### Brief
Output the entries below unchanged, except for the pictures.

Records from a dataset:
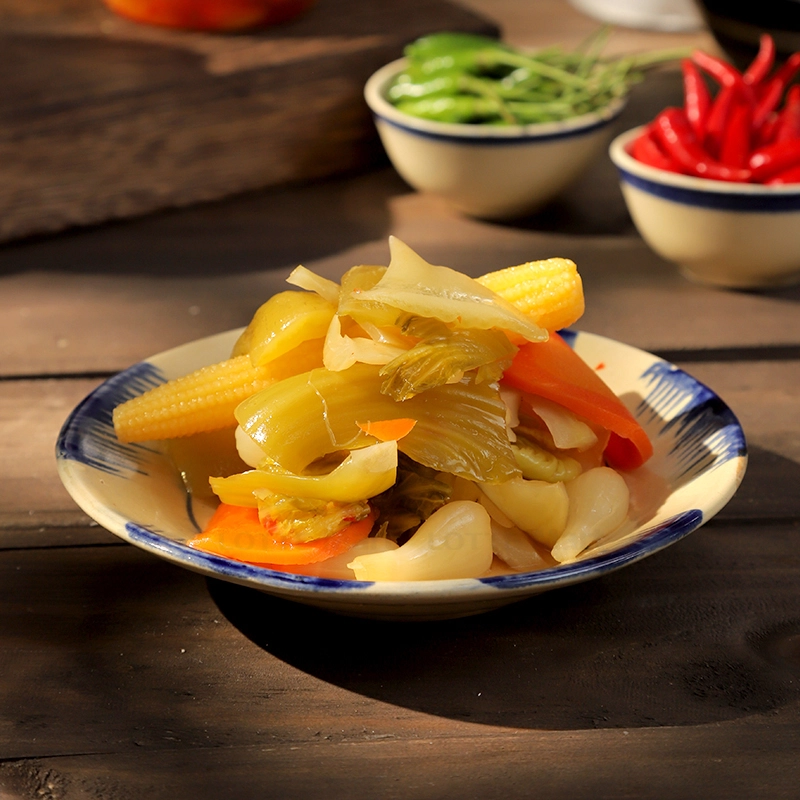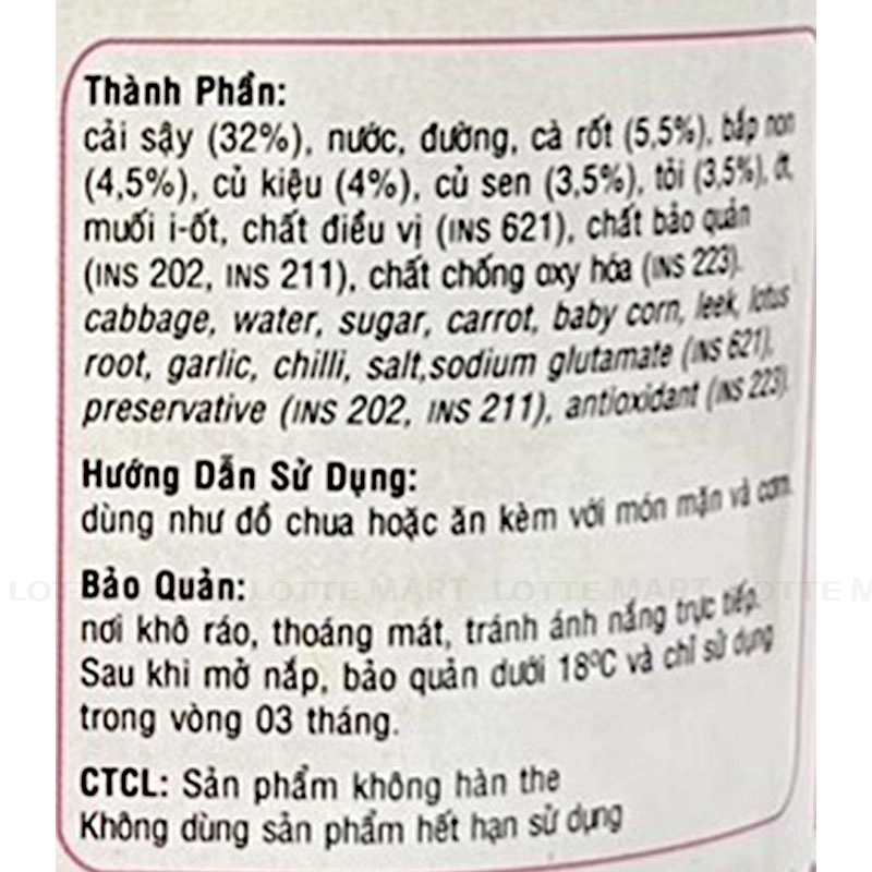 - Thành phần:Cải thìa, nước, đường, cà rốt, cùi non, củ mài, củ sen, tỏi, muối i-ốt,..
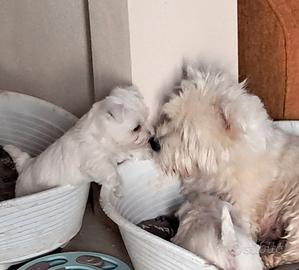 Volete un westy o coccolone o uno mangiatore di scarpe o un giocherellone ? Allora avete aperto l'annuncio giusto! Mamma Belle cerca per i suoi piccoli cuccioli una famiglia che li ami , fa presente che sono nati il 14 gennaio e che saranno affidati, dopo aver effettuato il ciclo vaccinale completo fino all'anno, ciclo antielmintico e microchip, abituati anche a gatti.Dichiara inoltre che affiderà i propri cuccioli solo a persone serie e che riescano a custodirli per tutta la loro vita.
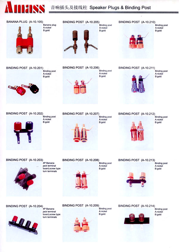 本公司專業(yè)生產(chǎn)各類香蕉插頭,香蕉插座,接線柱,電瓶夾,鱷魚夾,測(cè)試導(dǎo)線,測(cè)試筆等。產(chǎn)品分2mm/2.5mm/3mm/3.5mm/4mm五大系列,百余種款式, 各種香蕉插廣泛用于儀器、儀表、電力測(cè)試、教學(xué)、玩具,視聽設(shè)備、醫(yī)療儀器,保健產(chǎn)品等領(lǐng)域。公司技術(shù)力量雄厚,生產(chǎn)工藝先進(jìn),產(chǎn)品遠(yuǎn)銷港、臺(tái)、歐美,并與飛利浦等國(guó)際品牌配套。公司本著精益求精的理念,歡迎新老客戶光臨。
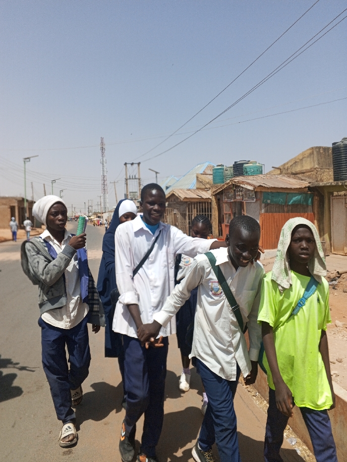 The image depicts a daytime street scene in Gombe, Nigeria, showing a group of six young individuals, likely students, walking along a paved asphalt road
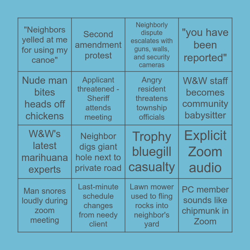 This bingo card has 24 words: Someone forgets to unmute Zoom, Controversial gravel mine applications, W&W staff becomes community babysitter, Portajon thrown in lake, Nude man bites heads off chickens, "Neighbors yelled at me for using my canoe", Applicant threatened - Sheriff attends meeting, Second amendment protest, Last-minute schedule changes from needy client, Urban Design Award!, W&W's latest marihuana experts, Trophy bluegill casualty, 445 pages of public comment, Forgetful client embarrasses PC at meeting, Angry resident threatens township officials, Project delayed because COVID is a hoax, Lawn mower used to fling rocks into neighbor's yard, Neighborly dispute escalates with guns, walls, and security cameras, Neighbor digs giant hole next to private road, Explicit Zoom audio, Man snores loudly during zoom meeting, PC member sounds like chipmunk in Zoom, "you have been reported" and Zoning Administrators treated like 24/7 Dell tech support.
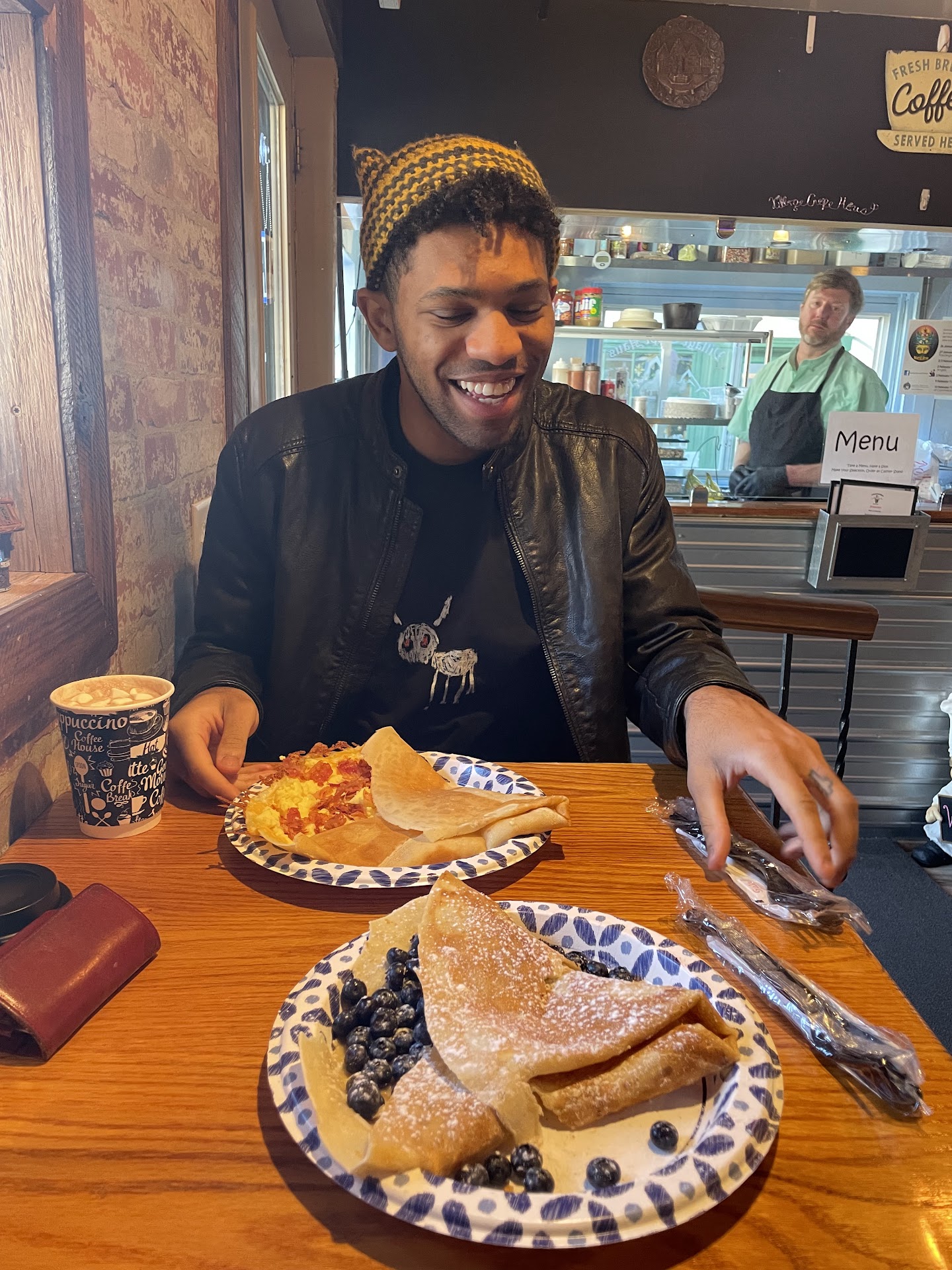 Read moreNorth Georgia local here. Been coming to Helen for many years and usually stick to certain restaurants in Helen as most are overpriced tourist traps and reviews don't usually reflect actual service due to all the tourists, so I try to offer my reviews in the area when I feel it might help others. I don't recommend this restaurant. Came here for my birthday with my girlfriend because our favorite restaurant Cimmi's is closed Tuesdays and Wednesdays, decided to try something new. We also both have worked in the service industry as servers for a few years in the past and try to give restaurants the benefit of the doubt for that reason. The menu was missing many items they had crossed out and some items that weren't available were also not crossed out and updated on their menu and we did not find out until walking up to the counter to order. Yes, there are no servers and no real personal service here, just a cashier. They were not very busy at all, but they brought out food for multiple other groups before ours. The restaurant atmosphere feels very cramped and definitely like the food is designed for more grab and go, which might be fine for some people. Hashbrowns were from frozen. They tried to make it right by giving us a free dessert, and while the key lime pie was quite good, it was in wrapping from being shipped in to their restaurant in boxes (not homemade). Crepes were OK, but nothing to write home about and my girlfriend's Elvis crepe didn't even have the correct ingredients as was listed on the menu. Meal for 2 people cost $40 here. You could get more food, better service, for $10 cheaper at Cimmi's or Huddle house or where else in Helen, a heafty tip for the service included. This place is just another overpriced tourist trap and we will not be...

### Response for this exercise
 - Thành phần:Cải thìa, nước, đường, cà rốt, cùi non, củ mài, củ sen, tỏi, muối i-ốt,..
 Volete un westy o coccolone o uno mangiatore di scarpe o un giocherellone ? Allora avete aperto l'annuncio giusto! Mamma Belle cerca per i suoi piccoli cuccioli una famiglia che li ami , fa presente che sono nati il 14 gennaio e che saranno affidati, dopo aver effettuato il ciclo vaccinale completo fino all'anno, ciclo antielmintico e microchip, abituati anche a gatti.Dichiara inoltre che affiderà i propri cuccioli solo a persone serie e che riescano a custodirli per tutta la loro vita.
 本公司專業(yè)生產(chǎn)各類香蕉插頭,香蕉插座,接線柱,電瓶夾,鱷魚夾,測(cè)試導(dǎo)線,測(cè)試筆等。產(chǎn)品分2mm/2.5mm/3mm/3.5mm/4mm五大系列,百余種款式, 各種香蕉插廣泛用于儀器、儀表、電力測(cè)試、教學(xué)、玩具,視聽設(shè)備、醫(yī)療儀器,保健產(chǎn)品等領(lǐng)域。公司技術(shù)力量雄厚,生產(chǎn)工藝先進(jìn),產(chǎn)品遠(yuǎn)銷港、臺(tái)、歐美,并與飛利浦等國(guó)際品牌配套。公司本著精益求精的理念,歡迎新老客戶光臨。
 The image depicts a daytime street scene in Gombe, Nigeria, showing a group of six young individuals, likely students, walking along a paved asphalt road
 This bingo card has 24 words: Someone forgets to unmute Zoom, Controversial gravel mine applications, W&W staff becomes community babysitter, Portajon thrown in lake, Nude man bites heads off chickens, "Neighbors yelled at me for using my canoe", Applicant threatened - Sheriff attends meeting, Second amendment protest, Last-minute schedule changes from needy client, Urban Design Award!, W&W's latest marihuana experts, Trophy bluegill casualty, 445 pages of public comment, Forgetful client embarrasses PC at meeting, Angry resident threatens township officials, Project delayed because COVID is a hoax, Lawn mower used to fling rocks into neighbor's yard, Neighborly dispute escalates with guns, walls, and security cameras, Neighbor digs giant hole next to private road, Explicit Zoom audio, Man snores loudly during zoom meeting, PC member sounds like chipmunk in Zoom, "you have been reported" and Zoning Administrators treated like 24/7 Dell tech support.
 Read moreNorth Georgia local here. Been coming to Helen for many years and usually stick to certain restaurants in Helen as most are overpriced tourist traps and reviews don't usually reflect actual service due to all the tourists, so I try to offer my reviews in the area when I feel it might help others. I don't recommend this restaurant. Came here for my birthday with my girlfriend because our favorite restaurant Cimmi's is closed Tuesdays and Wednesdays, decided to try something new. We also both have worked in the service industry as servers for a few years in the past and try to give restaurants the benefit of the doubt for that reason. The menu was missing many items they had crossed out and some items that weren't available were also not crossed out and updated on their menu and we did not find out until walking up to the counter to order. Yes, there are no servers and no real personal service here, just a cashier. They were not very busy at all, but they brought out food for multiple other groups before ours. The restaurant atmosphere feels very cramped and definitely like the food is designed for more grab and go, which might be fine for some people. Hashbrowns were from frozen. They tried to make it right by giving us a free dessert, and while the key lime pie was quite good, it was in wrapping from being shipped in to their restaurant in boxes (not homemade). Crepes were OK, but nothing to write home about and my girlfriend's Elvis crepe didn't even have the correct ingredients as was listed on the menu. Meal for 2 people cost $40 here. You could get more food, better service, for $10 cheaper at Cimmi's or Huddle house or where else in Helen, a heafty tip for the service included. This place is just another overpriced tourist trap and we will not be...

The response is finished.